### EXERCISE OBJECTIVE
Below are the entries. Print only the lines starting at the one with "General Configuration ‹" and ending at the one with "Plus Size Skulls", exactly, with no pictures.
(RECORDS FOR THE TASK begins)
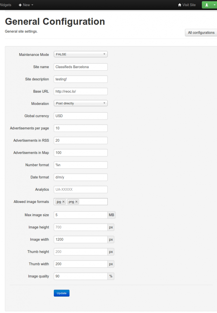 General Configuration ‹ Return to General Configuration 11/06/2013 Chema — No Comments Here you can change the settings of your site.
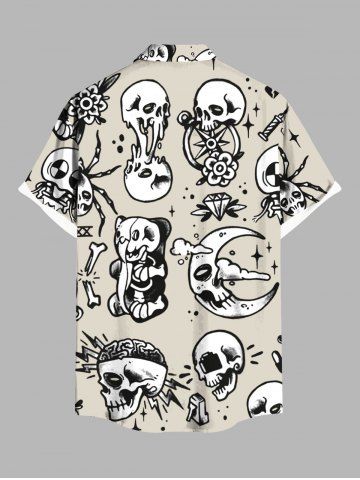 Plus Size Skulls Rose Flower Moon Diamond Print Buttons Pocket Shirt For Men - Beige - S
(RECORDS FOR THE TASK ends)
(RECORDS FOR THE TASK begins)
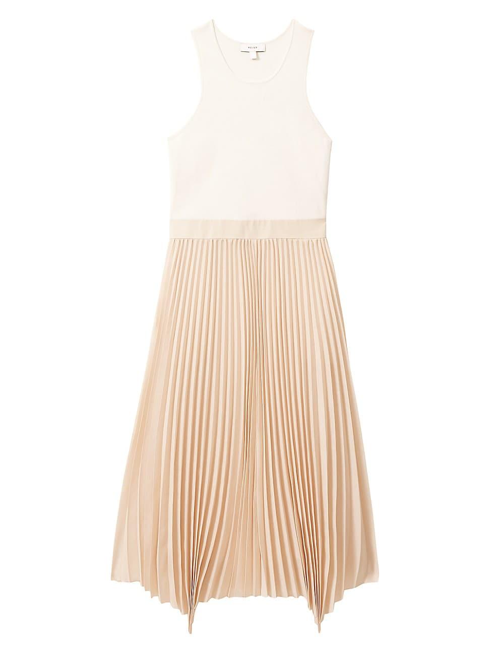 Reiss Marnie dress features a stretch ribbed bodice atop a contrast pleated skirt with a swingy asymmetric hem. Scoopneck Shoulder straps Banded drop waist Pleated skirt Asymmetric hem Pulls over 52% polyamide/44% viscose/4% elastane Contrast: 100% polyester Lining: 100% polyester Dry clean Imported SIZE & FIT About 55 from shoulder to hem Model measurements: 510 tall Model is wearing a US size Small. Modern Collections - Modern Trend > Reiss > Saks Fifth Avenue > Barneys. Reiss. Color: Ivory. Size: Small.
(RECORDS FOR THE TASK ends)
### RESULT FOR THIS TASK
 General Configuration ‹ Return to General Configuration 11/06/2013 Chema — No Comments Here you can change the settings of your site.
 Plus Size Skulls Rose Flower Moon Diamond Print Buttons Pocket Shirt For Men - Beige - S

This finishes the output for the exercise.